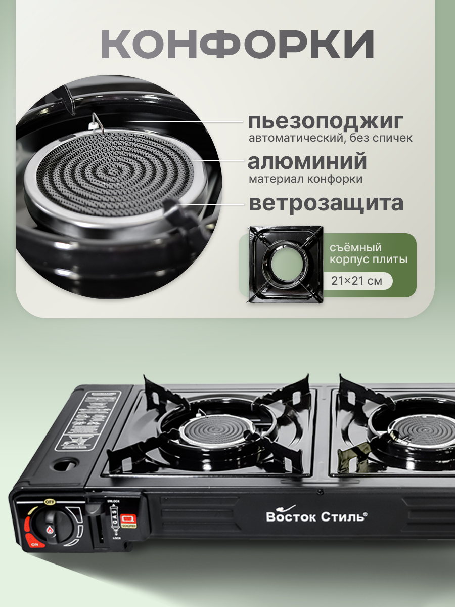 Ниже Вы можете прочитать отзывы на Туристическая газовая плитка 2 керамические конфорки, ознакомится с подробными характеристиками, посмотреть интересные обзоры и фотографии на Туристическая газовая плитка 2 керамические конфорки.
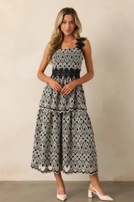 El vestido Silvana es una obra de elegancia atemporal. Confeccionado en guipur delicado, combina la fuerza del negrocon la pureza del blanco, logrando una pieza sofisticada y con carácter, ideal para eventos importantes o momentos especiales.
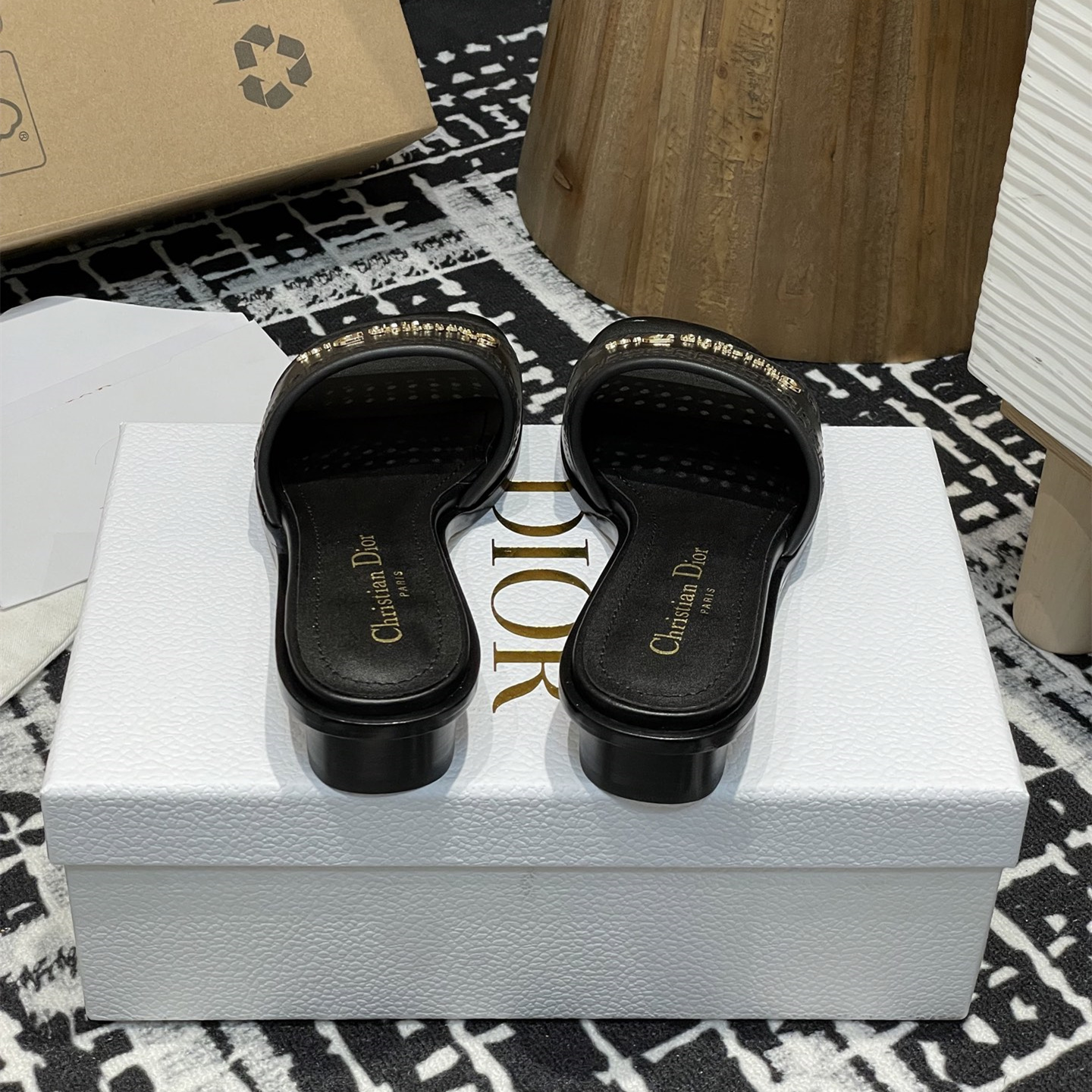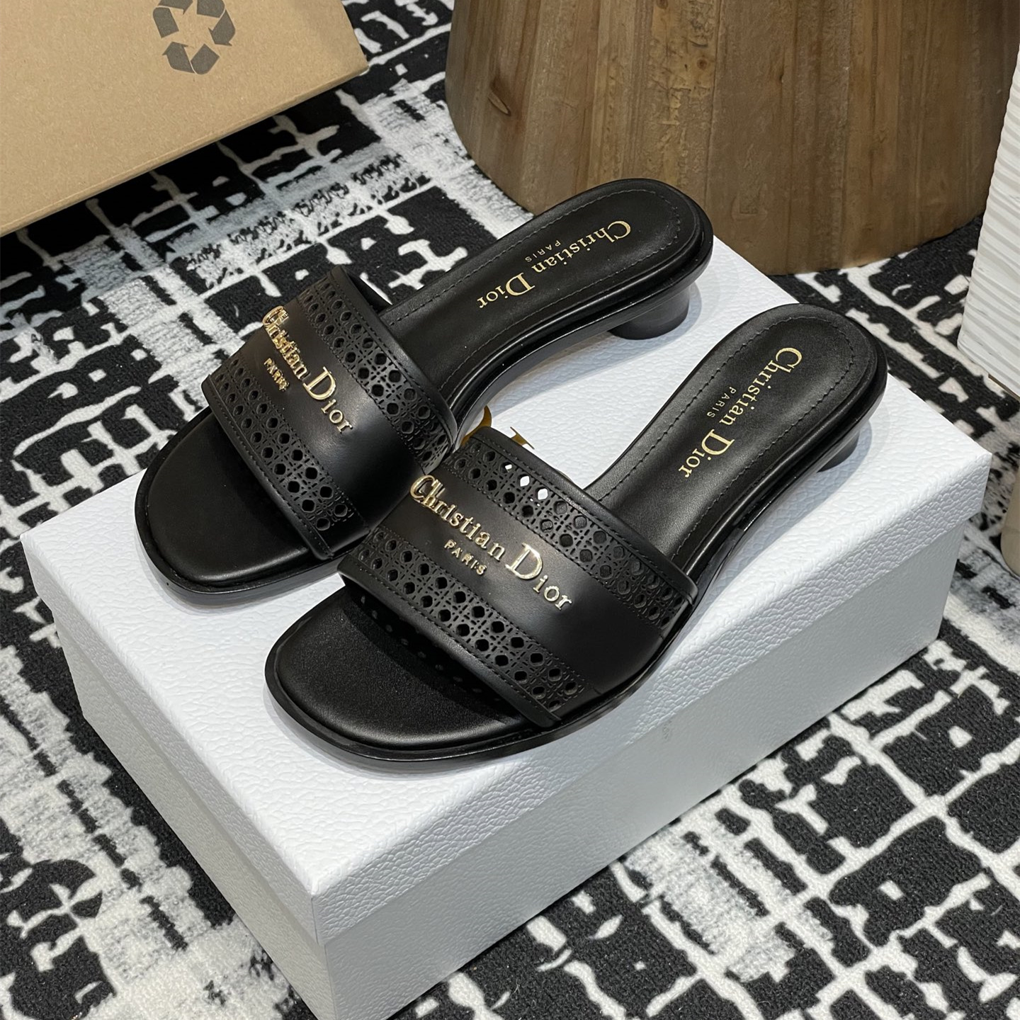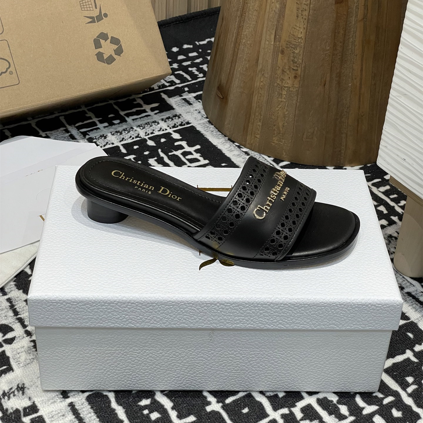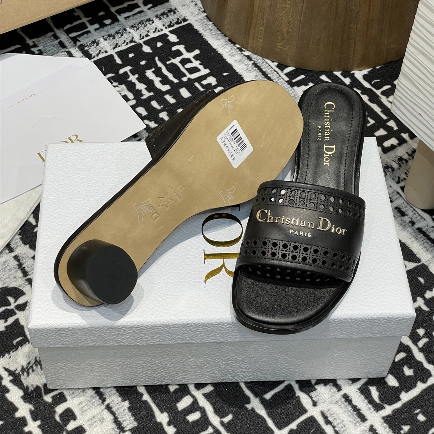 這款D-Lane涼拖彰顯經典風格,黑色牛皮革鞋面,展示鏤空藤格紋圖案,飾以金色飾面金屬 Christian Dior Paris 標誌,彰顯時尚氣質.加墊皮革內底打造舒適的穿著體驗,簡約的設計便於穿脫,打造休閑的造型.
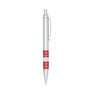Descrição: Caneta plástica com detalhe strass, carga esferográfica azul e acionamento por clique.
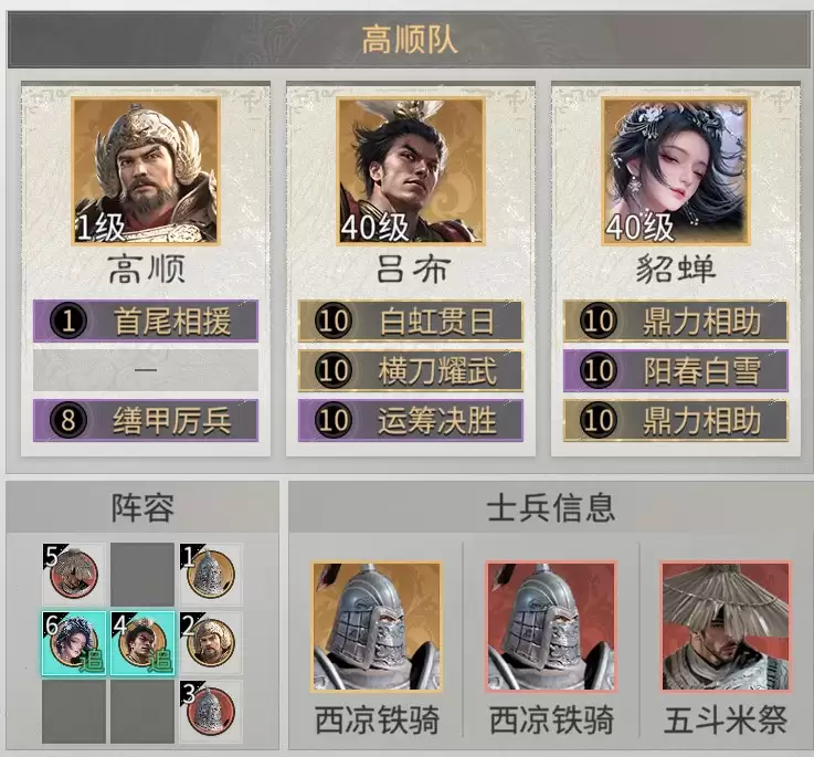 兵种站位:在貂蝉上方放一个【五斗米祭】,给队伍提供续航;在高顺的上方和下方,则各布置一个【西凉铁骑】,强化前排的扛伤和反击能力。
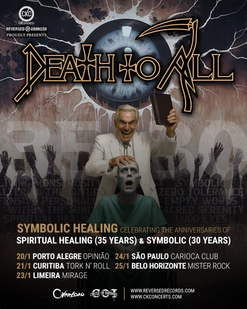 Death To All, projeto/turnê-tributo com ex-membros da banda norte-americana Death, está no Brasil para celebrar ao vivo os clássicos álbuns Spiritual Healing e Symbolic, que respectivamente completam 35 e 30 anos desde seus lançamentos na década de 1990. A turnê acontece de 20 a 25 de janeiro em cinco cidades.
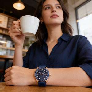 • **Impresionante esfera azul y caja de acero inoxidable:** Una caja de acero inoxidable de 45 mm enmarca una esfera azul atemporal, que ofrece un aspecto sofisticado que combina con cualquier atuendo.
◇ ◇ ◇ ◇ ◇
What the task asks – Set the lines above down again, word for word, from the first through the one containing "El vestido Silvana"; pictures excluded.

Response below –
 Ниже Вы можете прочитать отзывы на Туристическая газовая плитка 2 керамические конфорки, ознакомится с подробными характеристиками, посмотреть интересные обзоры и фотографии на Туристическая газовая плитка 2 керамические конфорки.
 El vestido Silvana es una obra de elegancia atemporal. Confeccionado en guipur delicado, combina la fuerza del negrocon la pureza del blanco, logrando una pieza sofisticada y con carácter, ideal para eventos importantes o momentos especiales.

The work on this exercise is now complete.